By: Clark Wright
These days, as the volume of data collected by companies grows exponentially, we’re all realizing that more data is not always better. In fact, more data, especially if you can’t rely on its quality, can hinder a company by slowing down decision-making or causing poor decisions.
With 1.4 billion cumulative guest arrivals as of year-end 2022, Airbnb’s growth pushed us to an inflection point where diminishing data quality began to hinder our data practitioners. Weekly metric reports were difficult to land on time. Seemingly basic metrics like “Active Listings” relied on a web of upstream dependencies. Conducting meaningful data work required significant institutional knowledge to overcome hidden caveats in our data.
To meet this challenge, we introduced the “Midas” process to certify our data.

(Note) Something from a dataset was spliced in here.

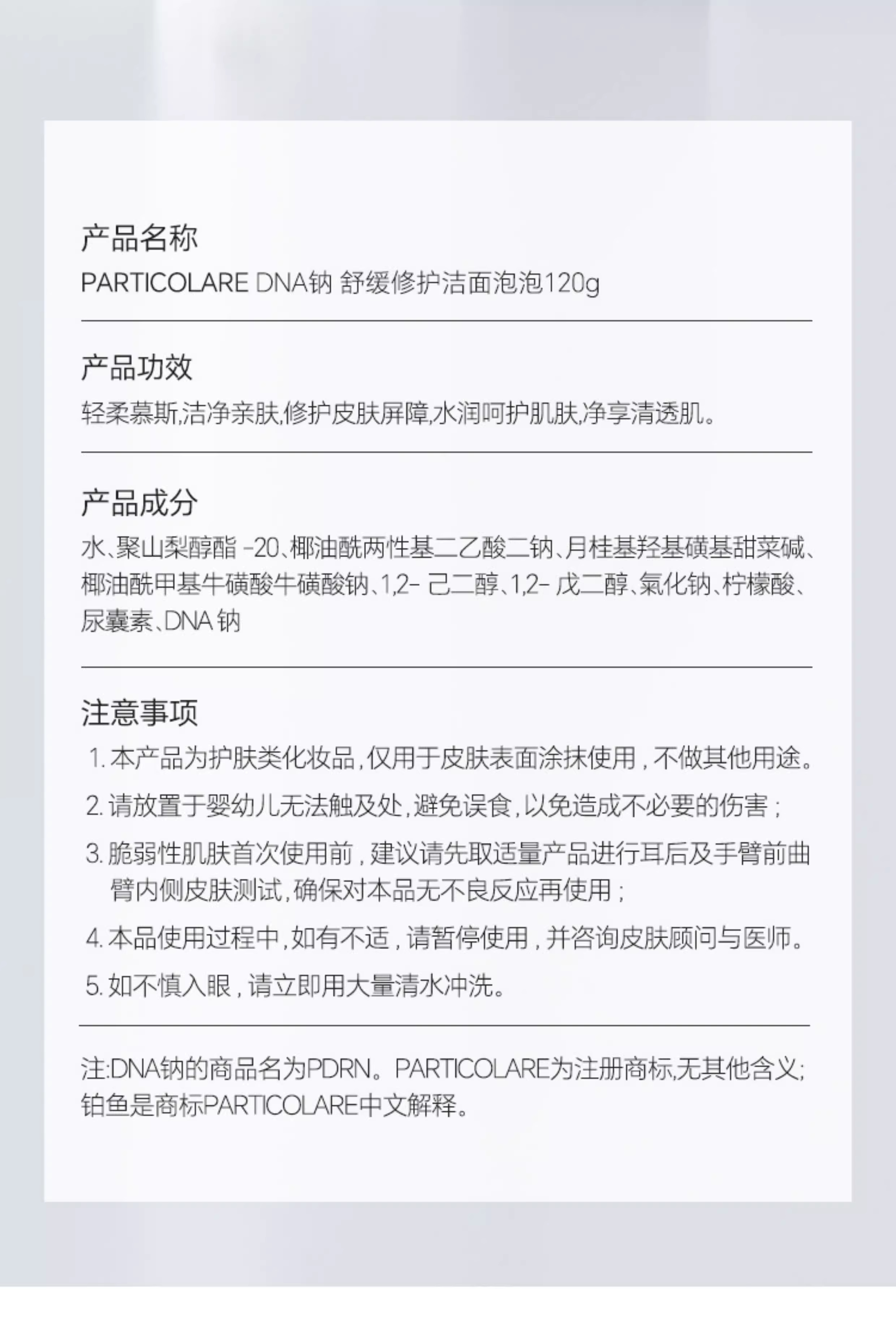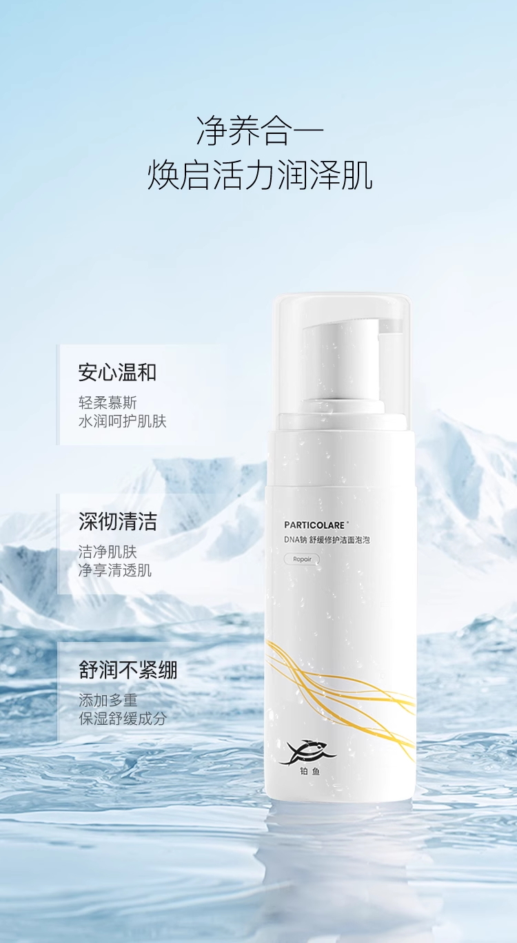 【妆】铂鱼DNA钠舒缓修护洁面慕斯深层控油清洁毛孔洗面奶男女

Starting in 2020, the Midas process, along with the work to re-architect our most critical data models, has brought a dramatic increase in data quality and timeliness to Airbnb’s most critical data. However, achieving the full data quality criteria required by Midas demands significant cross-functional investment to design, develop, validate, and maintain the necessary data assets and documentation.
While this made sense for our most critical data, pursuing such rigorous standards at scale presented challenges. We were approaching a point of diminishing returns on our data quality investments. We had certified our most critical assets, restoring their trustworthiness. However, for all of our uncertified data, which remained the majority of our offline data, we lacked visibility into its quality and didn’t have c...